» **MATERIAL FOR THIS TASK**:
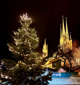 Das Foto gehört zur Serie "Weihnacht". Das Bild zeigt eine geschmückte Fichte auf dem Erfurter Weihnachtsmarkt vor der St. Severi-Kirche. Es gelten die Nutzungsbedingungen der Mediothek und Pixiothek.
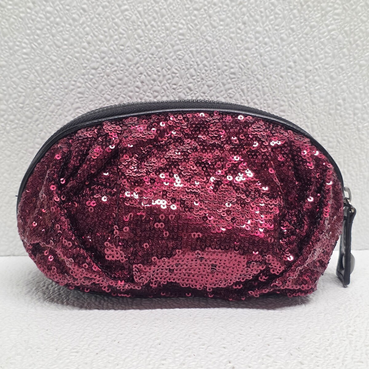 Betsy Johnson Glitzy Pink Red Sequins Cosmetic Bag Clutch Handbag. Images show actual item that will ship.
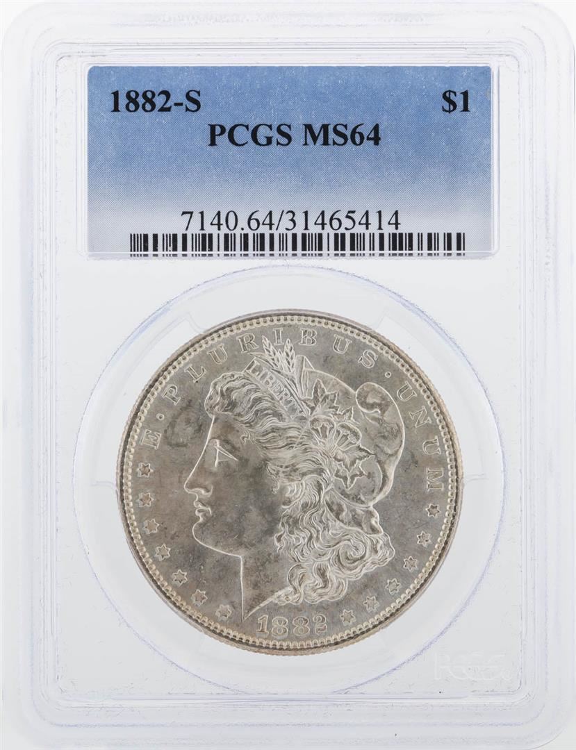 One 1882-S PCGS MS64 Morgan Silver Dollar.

--

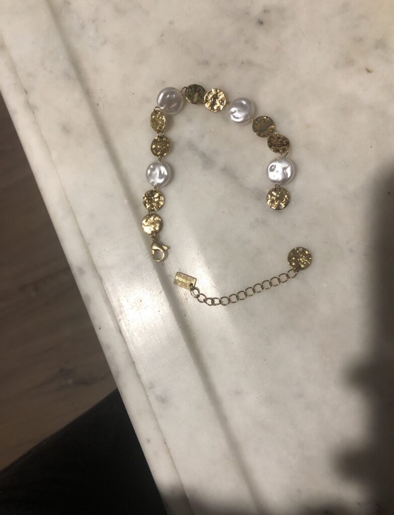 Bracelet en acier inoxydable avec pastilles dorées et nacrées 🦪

--

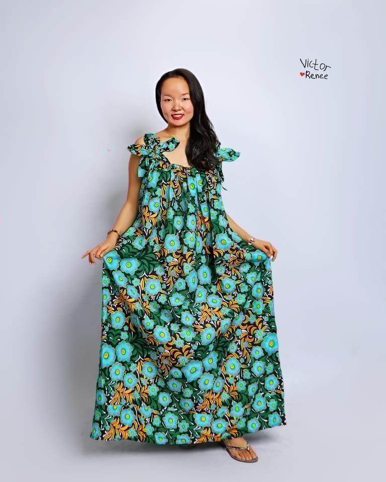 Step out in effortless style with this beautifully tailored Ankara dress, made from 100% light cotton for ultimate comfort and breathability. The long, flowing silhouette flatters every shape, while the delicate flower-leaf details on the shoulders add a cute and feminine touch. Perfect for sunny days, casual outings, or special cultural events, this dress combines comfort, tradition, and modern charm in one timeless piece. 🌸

» **HOW TO COMPLETE THIS TASK**: In the listing above, find the line with "Das Foto gehört" and the line with "One 1882-S PCGS MS64 Morgan Silver Dollar.". Transcribe those two and everything between, exactly, leaving out pictures.

» **PROBLEM SOLUTION**:
 Das Foto gehört zur Serie "Weihnacht". Das Bild zeigt eine geschmückte Fichte auf dem Erfurter Weihnachtsmarkt vor der St. Severi-Kirche. Es gelten die Nutzungsbedingungen der Mediothek und Pixiothek.
 Betsy Johnson Glitzy Pink Red Sequins Cosmetic Bag Clutch Handbag. Images show actual item that will ship.
 One 1882-S PCGS MS64 Morgan Silver Dollar.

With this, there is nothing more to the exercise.